From the entries below, please output exactly the lines starting at the one containing "- Attachments: If" and ending at the one containing "滬渝蓉高鐵武宜段位于湖北省境", both included.

## Task inputs
* * * *

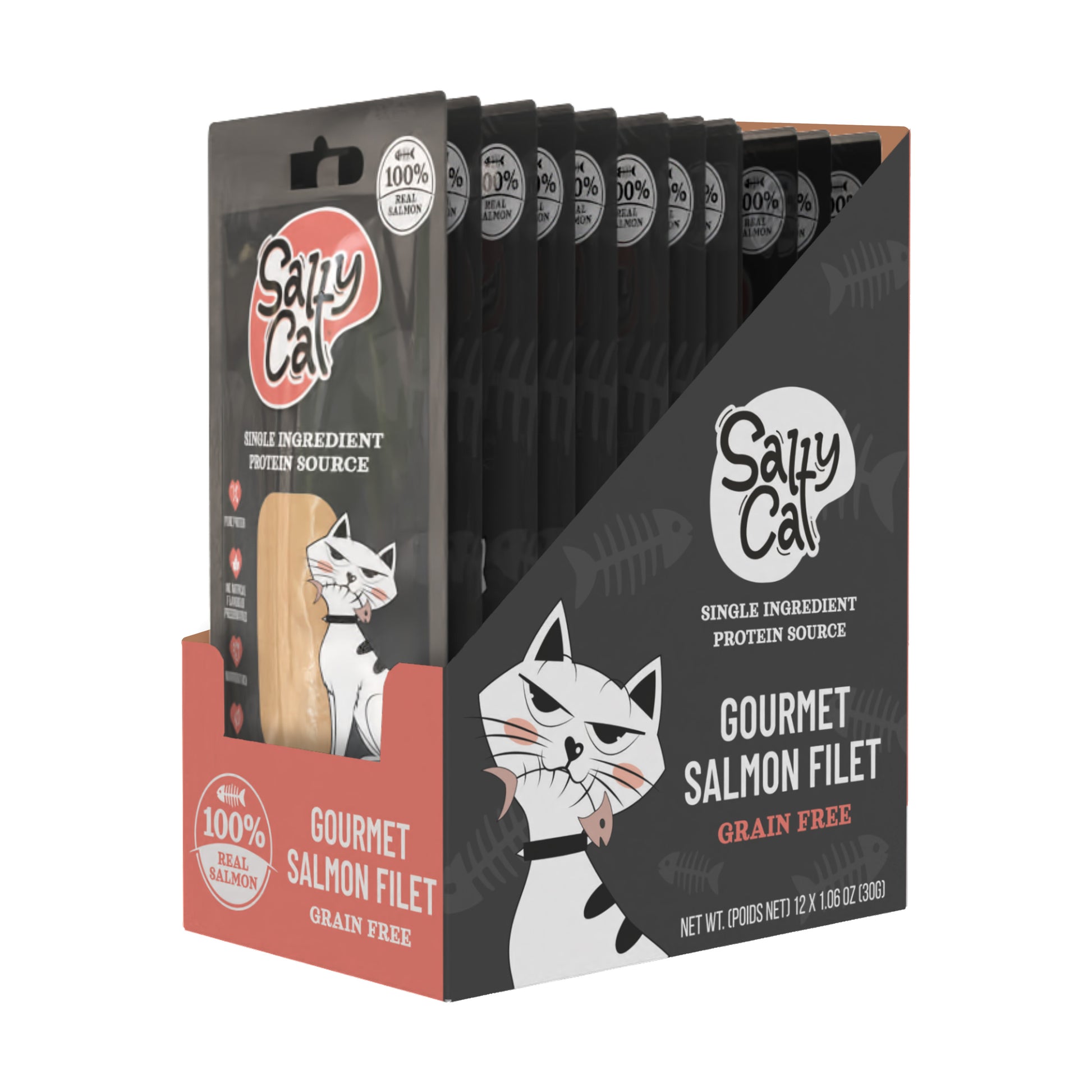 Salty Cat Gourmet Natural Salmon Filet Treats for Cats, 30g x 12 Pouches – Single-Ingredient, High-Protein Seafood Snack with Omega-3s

* * * *

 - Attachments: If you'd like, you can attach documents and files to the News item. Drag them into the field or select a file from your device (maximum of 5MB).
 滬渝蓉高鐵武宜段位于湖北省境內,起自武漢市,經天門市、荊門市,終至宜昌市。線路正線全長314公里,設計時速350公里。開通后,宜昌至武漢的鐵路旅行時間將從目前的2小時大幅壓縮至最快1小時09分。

* * * *

## Result of this exercise
 - Attachments: If you'd like, you can attach documents and files to the News item. Drag them into the field or select a file from your device (maximum of 5MB).
 滬渝蓉高鐵武宜段位于湖北省境內,起自武漢市,經天門市、荊門市,終至宜昌市。線路正線全長314公里,設計時速350公里。開通后,宜昌至武漢的鐵路旅行時間將從目前的2小時大幅壓縮至最快1小時09分。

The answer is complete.